# Traces on a Winter Day

## Faint Lines in Fresh Snow

On a crisp morning like this one—December 13, 2025, with frost etching the windows—a fresh snowfall turns the world into a blank page. A single step presses a trace into the powder: the outline of a boot, imperfect and soon to soften. These marks aren't grand statements. They're quiet evidence of movement, of being here. In life, our days unfold the same way. We walk, work, touch others, and leave behind these subtle impressions—words spoken softly, a hand extended, a task quietly finished.

## Following What Remains

What draws us to a trace? It's the pull of curiosity, the urge to see where a path leads. A deer's print vanishes into the woods, inviting us to wonder about its journey. Our own traces work similarly. A child's drawing on scrap paper, yellowed letters in a drawer, or notes scribbled in haste—they guide us back to forgotten moments. They remind us that nothing is truly lost; it lingers in faint form, ready to be retraced. In this, there's a gentle wisdom: pay attention to the small lines. They connect yesterday to today.

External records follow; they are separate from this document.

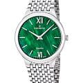 Мужские кварцевые часы Candino Series 1947 — это сочетание минимализма, швейцарского качества и современного дизайна. Корпус диаметром 39 мм и толщиной всего 6 мм выполнен из нержавеющей стали 316L, что делает часы особенно лёгкими и комфортными в ношении. Циферблат зелёного цвета оформлен двумя стрелками, без индикации даты, что придаёт дизайну чистоту и элегантность. Циферблат защищён сапфировым стекломСапфировое стеклоПрочный и надёжный материал из кристалла сапфира синтетического происхождения, характеризующийся особой твёрдостью и устойчивостью к царапинам и повреждениям., устойчивым к царапинам. Механизм — кварцевый произведённый в Швейцарии. Часы оснащены стальным браслетом с застёжкой «бабочка» с кнопкамиЗастёжка "бабочка"Такой вид застёжки дополняется предохранителями, помогающими избежать случайного раскрытия браслета. Обладают изящным исполнением. . Водонепроницаемость 50 м позволяет использовать часы в повседневных условиях. Гарантия — 2 года. Идеальный выбор для тех, кто ценит лаконичный стиль, точность и надёжность.
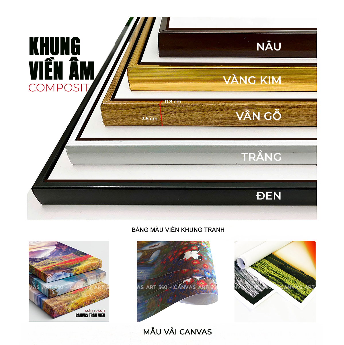 Khung tranh: Được làm từ chất liệu Composite siêu nhẹ, bền bỉ, chống cong vênh và không lo mối mọt.
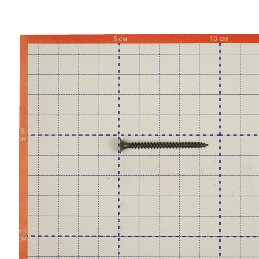 Саморез ШСГМ 3,5х45мм - стальной крепежный элемент, фосфатированный, с острым наконечником, потайной головкой, крестообразной формой шлица Ph2, частой резьбой, черного цвета.
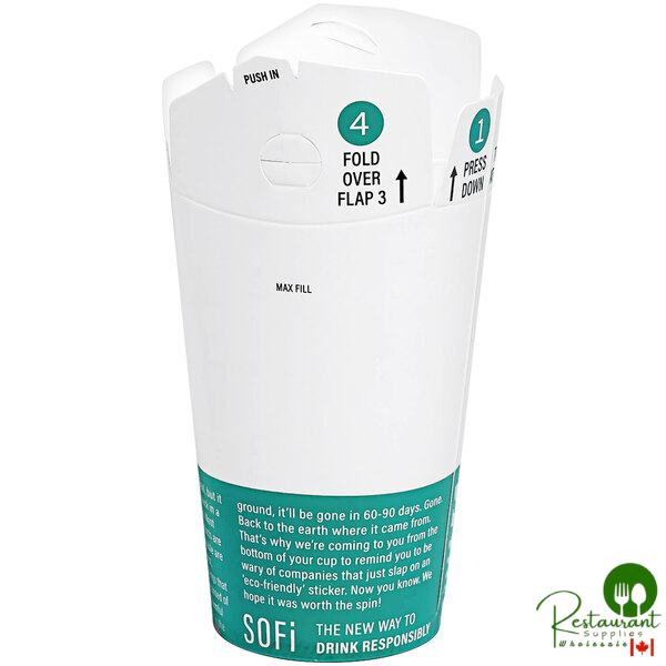 Step into the future with this innovative, eco-friendly SOFi all-in-one paper cold cup and lid 20 oz. Simply fold and connect four flaps to create a sealed cup without the hassle of a separate lid.
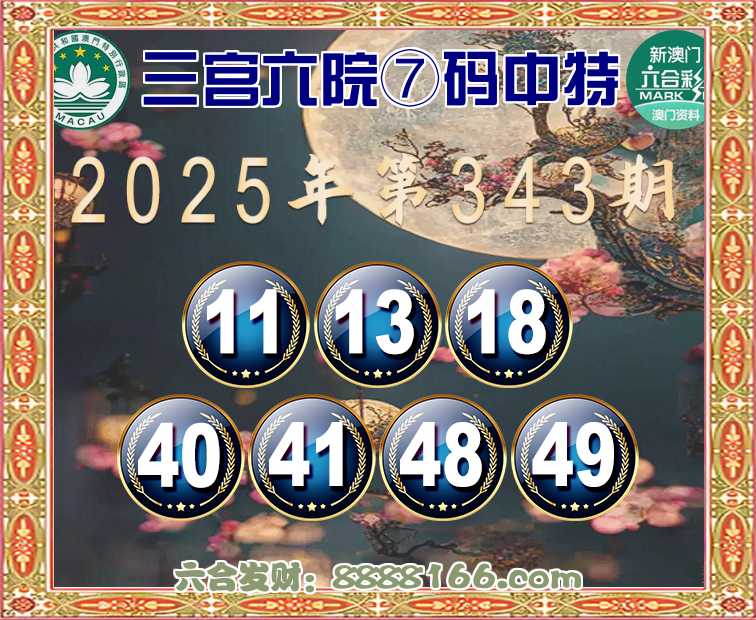 343期:【三宫六院】 🥩⑦码中特🥩【11.13.18.40.41.48.49】开:38错
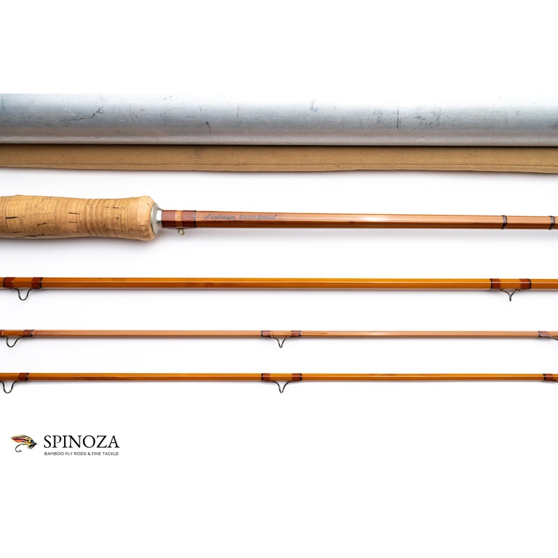 A Lyle Dickerson 801510 model bamboo fly rod, 8′, 3-piece, 2-tip, and built for a #5 line. The rod weighs 4.3 ounces on my scale. This rod has a slower action, certainly slower than the majority of Dickerson’s. The rod has been refinished and whoever did it did a very nice job and carefully preserved the Dickerson signature on the butt. Agate stripping guide. The snake guides show no sign of brassing and are likely part of the refinish, as the grip has been well-used and the reel seat has signs of use as well. The tip-tops are also not consistent with the original period. The main wraps are light tan with black edges. The step ferrules are oxidized. The grip is 5 1/2″ long, and was originally a full wells but has deteriorated a bit with age. The down lock screw-lock has the large light bulb threads more like F.E. Thomas than most of the Dickerson rods I have seen. The nickel silver pocket cap looks correct to me. The rod packs into a tan cloth bag and the tube looks original but is missing the correct top (some one machined a new top but the threads are not correct as it only goes on about 1/2 turn). Though not a collector-grade Dickerson this rod is still nonetheless a nice opportunity to take fishing, especially for those who generally don’t like very fast action rods.
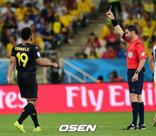 홍명보 감독이 이끄는 축구대표팀이 27일 오전(한국시간) 브라질 상파울루의 아레나 코린티아스에서 열릴 벨기에와의 조별리그 H조 마지막 경기 후반 벨기에 뎀벨레가 옐로우 카드를 받고 있다.
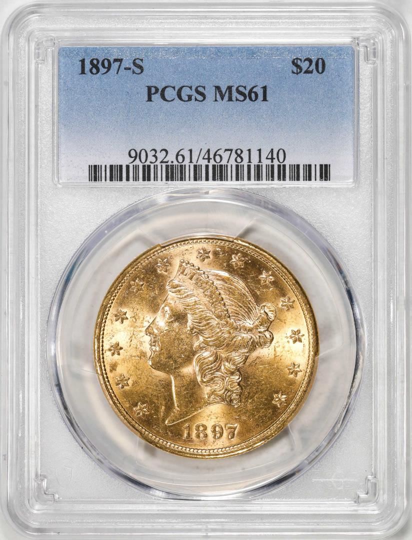 One 1897-S $20 Liberty Head Eagle Gold Coin PCGS MS61. PCGS Graded.

## The Meaning in What Fades

Traces teach impermanence without despair. The sun will melt the snow, wind will scatter sand from a beach print, yet the act of making them matters. Each one says, "I was here, and it shaped what follows." We don't need monuments. A kind glance, a shared silence—these endure in memory's soft etchings.

- A parent's bedtime story, retold in dreams.
- A friend's advice, echoed in tough hours.
- Our daily steps, building unseen paths.